Kubernetes is an open source technology for managing containerized software and helps developers keep individual applications highly available to end users.

The Kubernetes technology can be used by developers completely independently - to manage "just" software. An application can then generally be run independently on the cluster. However, if this application is not only to be executed in the cluster, but is also to be accessible "from outside", e.g. by an end user, a technology such as Ingress is required in addition to Kubernetes. This is already the start of building an entire platform.

Kubernetes can be supplemented with a variety of standalone applications and other technologies to build a platform of any complexity, in which Kubernetes is then a central component. Such platforms can map very individual development processes, depending on how individual teams organize their processes or which business requirements shall be mapped.

In this blog post, we want to present and explain individual technologies and applications that come into question for building such a platform. Our target group here is, on the one hand, developers who do not yet have any experience with Kubernetes, and, on the other hand, people who are active in the field of software development but do not develop themselves but, for example, manage projects.

The list of applications and technologies presented here represents only a selection of the possibilities for individual subareas and is not exhaustive.

1 Managed cluster and Kubernetes distributions

1.1 Managed Kubernetes cluster

What does it do?

As previously explained in our article about Kubernetes for non-developers, Kubernetes (also shortened to k8s) is an open-source technology that can be freely used by anyone. On top of this, though, there are also providers of so-called managed Kubernetes clusters. These provide both the infrastructure and an initial user interface for the use of Kubernetes.

Who are the providers?

The most well-known providers for managed Kubernetes clusters are Azure Kubernetes Service (AKS), Google Kubernetes Engine (GKE) and Amazon Elastic Kubernetes Service (EKS).

All providers supply the user with a user interface as well as additional services for the work with Kubernetes. Whether individual services are already included in the basic packages or whether they’ll have to be purchased as part of licences very much depends on the respective provider.

In each scenario, the developers should always check which services are supplied by individual providers and whether these are necessary and a worthwhile investment. AKS, for example, already provides good logging in their basic version, while EKS requires you to purchase such a feature in addition to the basic version.

1.2 Kubernetes distributions

What does it do?

The differentiation between providers of managed Kubernetes clusters and those of Kubernetes distributions isn’t exactly easy.

A Kubernetes cluster with the necessary nodes and pods can be operated completely autonomously. To do this, you do not need to use a managed cluster.

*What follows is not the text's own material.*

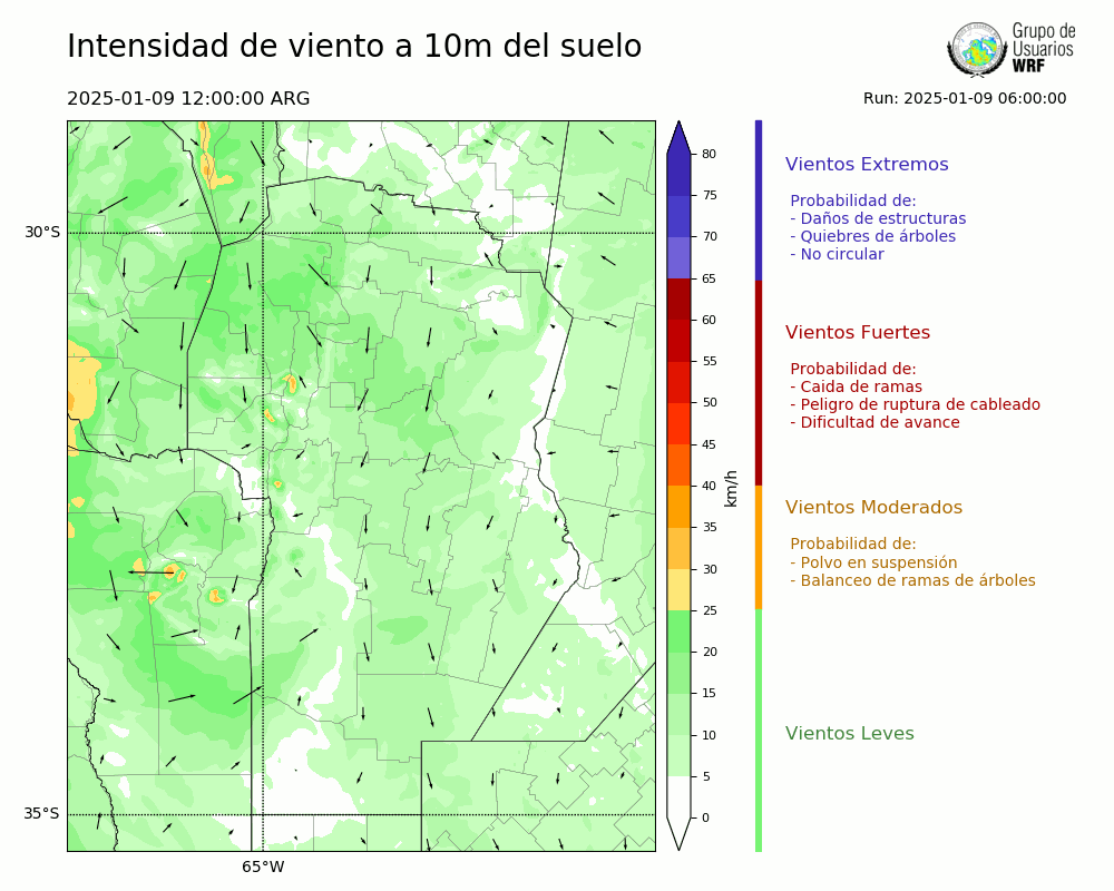 • Intensidad máxima: 8.02 km/h (10/01/2025 05hs.)

However, the tools outlined in the following must not necessarily be used if you operate a Kubernetes cluster. By using these tools, platforms of any desired complexity can be created, with the Kubernetes cluster as their key component. We’ll be describing these as ‘ecosystem tools’.

Providers of Kubernetes distributions provide an already preconfigured platform with individual ecosystem tools. Providers of managed Kubernetes clusters, however, ’only’ offer the infrastructure and a first user interface as part of the Kubernetes usage. This includes a number of functions that can be expanded by any ecosystem tools.

The added value of Kubernetes distributions lies in the fact that developers don’t have to integrate these tools into the cluster themselves. It can generally be expected that the tools used in this platform have compatible configurations with one another and with the Kubernetes cluster. It can also be expected that they automatically receive regular updates and will therefore run without any issues.

Nevertheless, the developers do have the freedom to integrate these platforms into a managed Kubernetes cluster and some providers of managed Kubernetes clusters do in fact offer a Kubernetes distribution.

To sum up, you might say that managed Kubernetes clusters provide a pre-built basic framework for the work with Kubernetes. Kubernetes distributions take it a step further and offer additional tools that are already integrated as a package.

Who are the providers?

The most well-known providers for a Kubernetes distribution are probably Red Hat OpenShift and Rancher Kubernetes Engine (RKE).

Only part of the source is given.